▶ **TO DO**
Repeat the listing below exactly from the line with "太陽很大,但是沒有陽光的地方" through its last line. Skip every picture.

--- INFORMATION SHOWN ---

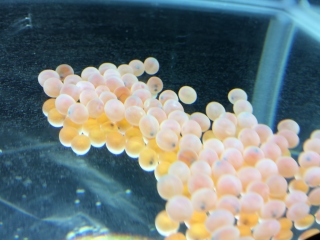 一粒一粒の小さな卵の中に黒い目が透けて見えます。
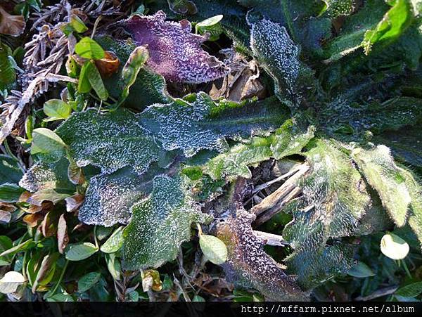 太陽很大,但是沒有陽光的地方依舊結著霜。梅峰日夜溫差有點大,晚上約0度到負4度,白天約8到10度,溫度不算高,但因為「沒風」,加上太陽的照射及我們有在活動,白天實際感覺上似乎沒有那麼冷。好像可以體會到:「朝穿棉襖午穿紗,抱著火爐吃西瓜」的真髓。
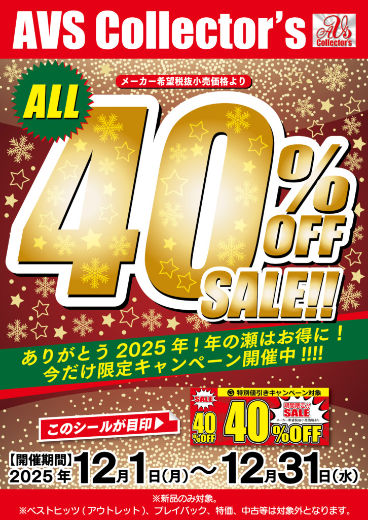 新品DVDキャンペーン(AVS collectors’s) 40%オフ!! 2025年12/1日(月)~スタート!!

---

▶ **TASK RESULT**
 太陽很大,但是沒有陽光的地方依舊結著霜。梅峰日夜溫差有點大,晚上約0度到負4度,白天約8到10度,溫度不算高,但因為「沒風」,加上太陽的照射及我們有在活動,白天實際感覺上似乎沒有那麼冷。好像可以體會到:「朝穿棉襖午穿紗,抱著火爐吃西瓜」的真髓。
 新品DVDキャンペーン(AVS collectors’s) 40%オフ!! 2025年12/1日(月)~スタート!!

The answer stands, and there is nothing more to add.